Zdaniem duchownego, Herbert, stosujący poetykę „okna otwartego na świat”, rozbija skostniałe schematy myślenia i dociera, dzięki precyzyjnemu słowu, do istoty rzeczy.
„Ważne jest dla mnie to, co on sam określał jako przeźroczystość semantyczna. Prostota wiersza – nie skomplikowanie, nie wyrafinowana dialektyka, nie uwodzenie słowem, ale docieranie wprost do rzeczy, czyli nazywanie rzeczy po imieniu albo raczej pozwalanie, aby rzeczy przemówiły” – dodał kapłan, który w szczelnie wypełnionej kawiarence wyrecytował z pamięci kilkanaście najbardziej znanych wierszy Herberta oraz kilka jego prób prozatorskich.

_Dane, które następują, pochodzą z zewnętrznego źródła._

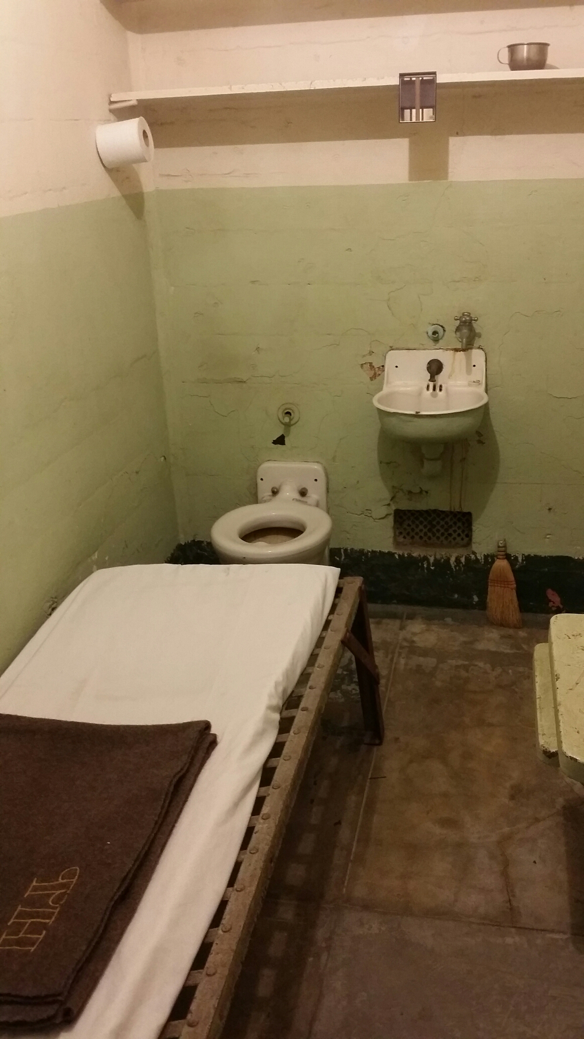The first part I saw was the cells in B & C block. Each cell was about 5 feet by 9 feet (so not very big) all they had was a small sink with cold water, a bed and a toilet. The cells in D Block (segregation) were more spacious, but the inmates were in their cells 24 hours a day with only 1 day a week allowed for going out into the courtyard or something and even then they had to be alone. I think they were for the really bad people…

Pomiędzy poszczególnymi recytacjami można było usłyszeć filologiczno-filozoficzne komentarze nt. poezji herbertowskiej pióra ks. Łysienia.
„Często grzęźniemy w pustosłowiu, a wodolejstwo płynie szerokim, mętnym strumieniem ze wszystkich stron, również i z ambon, z kościołów. Ono rozlewa się szeroką falą, nikogo nie zapładniając i inspirując” – przestrzegł autor „Wędrówek po metafizyce”, wskazując na znakomitą poezję, będącą remedium na taki stan rzeczy.
Podczas wieczoru z poezją Zbigniewa Herberta, oprócz ks. Łysienia, który recytował wiersze, dwa utwory muzyczne wykonała kompozytorka i pieśniarka Aleksandra Danielewicz ze Ślemienia.
Wśród publiczności przy kawiarnianych stolikach usiedli parafialnie z Jasienicy, ale przybyli także goście z całego Śląska Cieszyńskiego.